Saturday, May 15, 2010

Back to my old habits again

It's been at least three years since I had a good meal at Shintori, and I thought tonight might be the perfect time to take a nostalgic stroll down that bamboo path leading up to the glass cube entrance. It all started during a conversation in the office about new places to eat in Shanghai. My colleagues were eager to try something different and away from the Bund, so we took a cab downtown to explore some of the more local areas of the city. 


Our first stop was along Donghu Road, where El Willy and Sichuan Citizen were located. As usual, El Willy was impossible to get in without a reservation, and tonight there wasn't even standing room at the bar. I didn't want to eat Sichuan for dinner two nights in a row, so we walked down the road looking for other alternatives. At some point, I started checking Google Maps and realized that we were just a block away from Julu Road, where Shintori, People 7 and Mesa were located. I brought up the idea of eating modern Japanese, and both my colleagues were keen to try. And so within minutes, we found ourselves standing outside the doorway leading into Shintori.

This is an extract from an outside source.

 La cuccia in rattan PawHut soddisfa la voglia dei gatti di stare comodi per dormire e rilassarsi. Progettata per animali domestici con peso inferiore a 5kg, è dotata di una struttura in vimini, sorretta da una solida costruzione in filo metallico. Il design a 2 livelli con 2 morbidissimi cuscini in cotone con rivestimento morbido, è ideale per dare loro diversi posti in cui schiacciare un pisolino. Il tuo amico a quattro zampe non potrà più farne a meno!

Some people would describe walking into Shintori for the first time an ethereal moment where you feel transported to a different world the moment you take your first step through the entrance. Both my colleagues were awed by the serenity that greeted us as we walked through the non-descript doorway along Julu Road with the tiny number '803' on a metal plaque. Most people would have missed it, but those "in-the-know" get a kick out of taking their friends there and seeing the look of amazement on their faces as the sliding doors around the glass cube open up, revealing the foyer and main dining hall just beyond the door.




Shintori had not changed one bit these past few years. It was still bustling and we were only able to get counter seats. The menu looked a little different, but most of the dishes were familiar. I pointed out a few signature dishes for my colleagues to try, but decided to go with the kaiseki set instead. At RMB280, it seemed like a very good deal, with 6 courses covering the usual kaiseki dishes of an appetizer, sashimi, tempura, grilled meat, soup, rice and dessert. 

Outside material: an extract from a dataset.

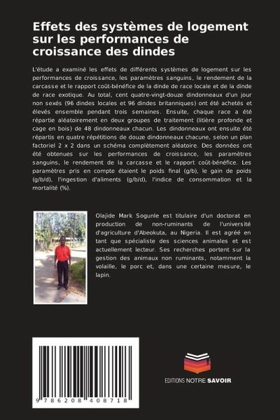 L'étude a examiné les effets de différents systèmes de logement sur les performances de croissance, les paramètres sanguins, le rendement de la carcasse et le rapport coût-bénéfice de la dinde de race locale et de la dinde de race exotique. Au total, cent quatre-vingt-douze dindonneaux d'un jour non sexés (96 dindes locales et 96 dindes britanniques) ont été achetés et élevés ensemble pendant trois semaines. Ensuite, chaque race a été répartie aléatoirement en deux groupes de traitement (litière profonde et cage en bois) de 48 dindonneaux chacun. Les dindonneaux ont ensuite été répartis en quatre répétitions de douze dindonneaux chacune, selon un plan factoriel 2 x 2 dans un schéma complètement aléatoire. Des données ont été obtenues sur les performances de croissance, les paramètres sanguins, le rendement de la carcasse et le rapport coût-bénéfice. Les paramètres pris en compte étaient le poids final (g/b), le gain de poids (g/b/d), l'ingestion d'aliments (g/b/d), l'indice de consommation et la mortalité (%).

What really impressed me was the freshness of the ingredients, and the perfectly blended flavors. The only slight disappointment was the dessert, which was too ordinary, given that Shintori has always been known for their modern Japanese interpretations. Maybe I was just expecting to get a slice of the green tea tiramisu that my colleague was eating.



I'm glad to know that in this city of everchanging dining experiences, some good things haven't changed yet. I love Shintori the way I love a good secret vacation hideaway, so I'm only sharing this with a few people, especially when I want a quiet dinner out in the city by myself.